§ **Exercise directions**:
With every picture left out, give the data below back exactly.
Start of Block
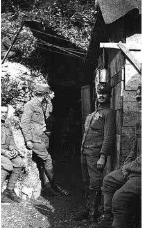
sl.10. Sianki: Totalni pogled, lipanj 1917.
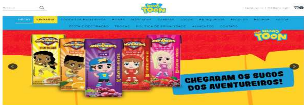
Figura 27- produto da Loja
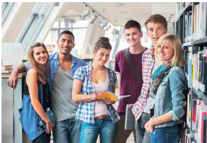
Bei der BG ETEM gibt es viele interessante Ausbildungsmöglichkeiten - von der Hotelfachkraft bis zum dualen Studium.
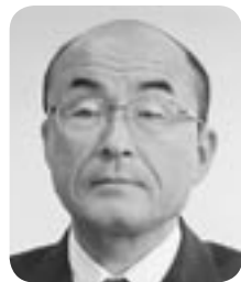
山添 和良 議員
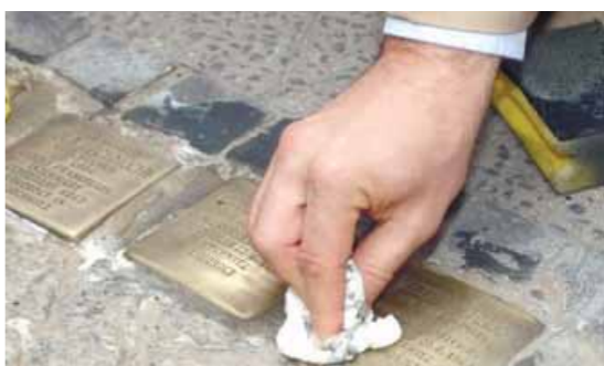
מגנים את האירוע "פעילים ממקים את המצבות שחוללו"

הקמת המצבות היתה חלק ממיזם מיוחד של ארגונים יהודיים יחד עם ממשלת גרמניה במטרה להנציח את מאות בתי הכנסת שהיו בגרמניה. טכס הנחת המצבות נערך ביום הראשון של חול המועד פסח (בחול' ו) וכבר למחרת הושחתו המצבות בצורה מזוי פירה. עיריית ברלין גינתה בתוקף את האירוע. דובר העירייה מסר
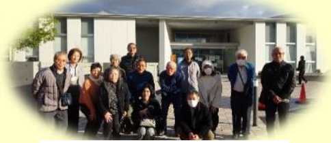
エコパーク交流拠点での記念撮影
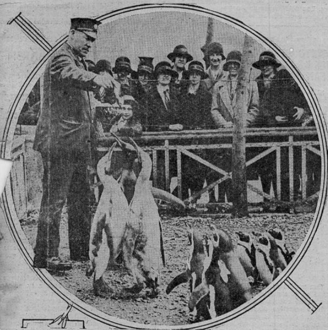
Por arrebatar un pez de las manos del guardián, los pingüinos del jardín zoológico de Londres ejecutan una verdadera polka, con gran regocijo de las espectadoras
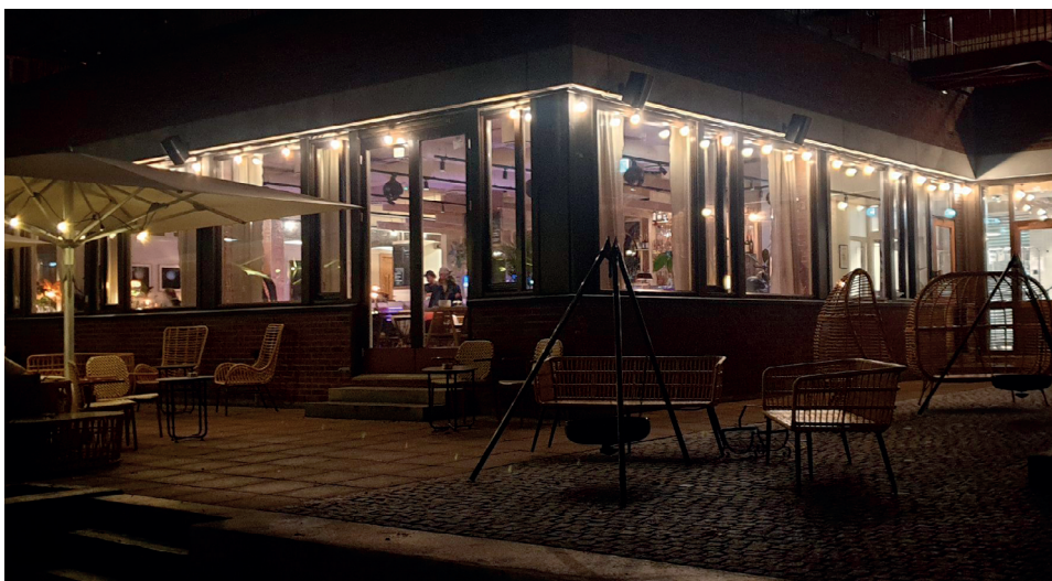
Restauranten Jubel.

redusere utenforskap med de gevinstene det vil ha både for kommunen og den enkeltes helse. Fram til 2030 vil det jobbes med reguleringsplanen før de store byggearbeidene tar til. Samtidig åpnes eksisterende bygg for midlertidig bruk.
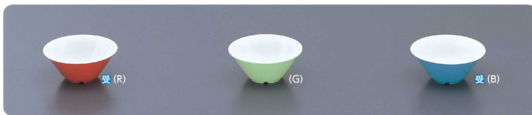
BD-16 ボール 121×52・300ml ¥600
End of Block
§ **Answer to the exercise**:
sl.10. Sianki: Totalni pogled, lipanj 1917.
Figura 27- produto da Loja
Bei der BG ETEM gibt es viele interessante Ausbildungsmöglichkeiten - von der Hotelfachkraft bis zum dualen Studium.
山添 和良 議員
מגנים את האירוע "פעילים ממקים את המצבות שחוללו"

הקמת המצבות היתה חלק ממיזם מיוחד של ארגונים יהודיים יחד עם ממשלת גרמניה במטרה להנציח את מאות בתי הכנסת שהיו בגרמניה. טכס הנחת המצבות נערך ביום הראשון של חול המועד פסח (בחול' ו) וכבר למחרת הושחתו המצבות בצורה מזוי פירה. עיריית ברלין גינתה בתוקף את האירוע. דובר העירייה מסר
エコパーク交流拠点での記念撮影
Por arrebatar un pez de las manos del guardián, los pingüinos del jardín zoológico de Londres ejecutan una verdadera polka, con gran regocijo de las espectadoras
Restauranten Jubel.

redusere utenforskap med de gevinstene det vil ha både for kommunen og den enkeltes helse. Fram til 2030 vil det jobbes med reguleringsplanen før de store byggearbeidene tar til. Samtidig åpnes eksisterende bygg for midlertidig bruk.
BD-16 ボール 121×52・300ml ¥600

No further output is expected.